Assigned task
The output must be the data, printed exactly as written.

Data for review: Begin

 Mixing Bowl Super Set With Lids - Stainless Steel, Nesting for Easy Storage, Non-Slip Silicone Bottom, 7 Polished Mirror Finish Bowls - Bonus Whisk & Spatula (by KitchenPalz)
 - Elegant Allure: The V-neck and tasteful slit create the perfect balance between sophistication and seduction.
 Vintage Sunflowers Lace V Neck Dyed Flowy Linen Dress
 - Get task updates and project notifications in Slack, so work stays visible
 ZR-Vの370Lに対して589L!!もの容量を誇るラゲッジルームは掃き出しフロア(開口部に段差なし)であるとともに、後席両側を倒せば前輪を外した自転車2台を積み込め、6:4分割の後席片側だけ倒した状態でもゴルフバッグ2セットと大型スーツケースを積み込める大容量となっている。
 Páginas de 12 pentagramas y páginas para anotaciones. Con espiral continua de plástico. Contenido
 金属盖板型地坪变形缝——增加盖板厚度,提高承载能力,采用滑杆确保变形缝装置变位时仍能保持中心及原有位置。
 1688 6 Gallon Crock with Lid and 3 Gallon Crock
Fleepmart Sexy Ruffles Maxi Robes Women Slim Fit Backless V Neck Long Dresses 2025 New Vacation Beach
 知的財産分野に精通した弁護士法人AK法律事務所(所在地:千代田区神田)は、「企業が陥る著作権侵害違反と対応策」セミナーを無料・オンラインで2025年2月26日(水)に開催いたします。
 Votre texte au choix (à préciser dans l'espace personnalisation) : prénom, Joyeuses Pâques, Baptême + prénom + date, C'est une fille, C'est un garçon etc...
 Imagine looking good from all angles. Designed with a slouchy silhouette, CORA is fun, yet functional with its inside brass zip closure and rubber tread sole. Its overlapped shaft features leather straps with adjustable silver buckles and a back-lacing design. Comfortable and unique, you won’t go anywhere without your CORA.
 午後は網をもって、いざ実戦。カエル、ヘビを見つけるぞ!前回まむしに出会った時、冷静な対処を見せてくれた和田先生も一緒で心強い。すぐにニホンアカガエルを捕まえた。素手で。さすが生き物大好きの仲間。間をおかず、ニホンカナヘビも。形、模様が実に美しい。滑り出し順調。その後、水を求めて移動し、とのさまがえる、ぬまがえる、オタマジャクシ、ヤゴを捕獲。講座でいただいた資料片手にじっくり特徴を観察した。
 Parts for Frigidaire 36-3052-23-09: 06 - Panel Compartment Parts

Data for review: End

Solution
 Mixing Bowl Super Set With Lids - Stainless Steel, Nesting for Easy Storage, Non-Slip Silicone Bottom, 7 Polished Mirror Finish Bowls - Bonus Whisk & Spatula (by KitchenPalz)
 - Elegant Allure: The V-neck and tasteful slit create the perfect balance between sophistication and seduction.
 Vintage Sunflowers Lace V Neck Dyed Flowy Linen Dress
 - Get task updates and project notifications in Slack, so work stays visible
 ZR-Vの370Lに対して589L!!もの容量を誇るラゲッジルームは掃き出しフロア(開口部に段差なし)であるとともに、後席両側を倒せば前輪を外した自転車2台を積み込め、6:4分割の後席片側だけ倒した状態でもゴルフバッグ2セットと大型スーツケースを積み込める大容量となっている。
 Páginas de 12 pentagramas y páginas para anotaciones. Con espiral continua de plástico. Contenido
 金属盖板型地坪变形缝——增加盖板厚度,提高承载能力,采用滑杆确保变形缝装置变位时仍能保持中心及原有位置。
 1688 6 Gallon Crock with Lid and 3 Gallon Crock
Fleepmart Sexy Ruffles Maxi Robes Women Slim Fit Backless V Neck Long Dresses 2025 New Vacation Beach
 知的財産分野に精通した弁護士法人AK法律事務所(所在地:千代田区神田)は、「企業が陥る著作権侵害違反と対応策」セミナーを無料・オンラインで2025年2月26日(水)に開催いたします。
 Votre texte au choix (à préciser dans l'espace personnalisation) : prénom, Joyeuses Pâques, Baptême + prénom + date, C'est une fille, C'est un garçon etc...
 Imagine looking good from all angles. Designed with a slouchy silhouette, CORA is fun, yet functional with its inside brass zip closure and rubber tread sole. Its overlapped shaft features leather straps with adjustable silver buckles and a back-lacing design. Comfortable and unique, you won’t go anywhere without your CORA.
 午後は網をもって、いざ実戦。カエル、ヘビを見つけるぞ!前回まむしに出会った時、冷静な対処を見せてくれた和田先生も一緒で心強い。すぐにニホンアカガエルを捕まえた。素手で。さすが生き物大好きの仲間。間をおかず、ニホンカナヘビも。形、模様が実に美しい。滑り出し順調。その後、水を求めて移動し、とのさまがえる、ぬまがえる、オタマジャクシ、ヤゴを捕獲。講座でいただいた資料片手にじっくり特徴を観察した。
 Parts for Frigidaire 36-3052-23-09: 06 - Panel Compartment Parts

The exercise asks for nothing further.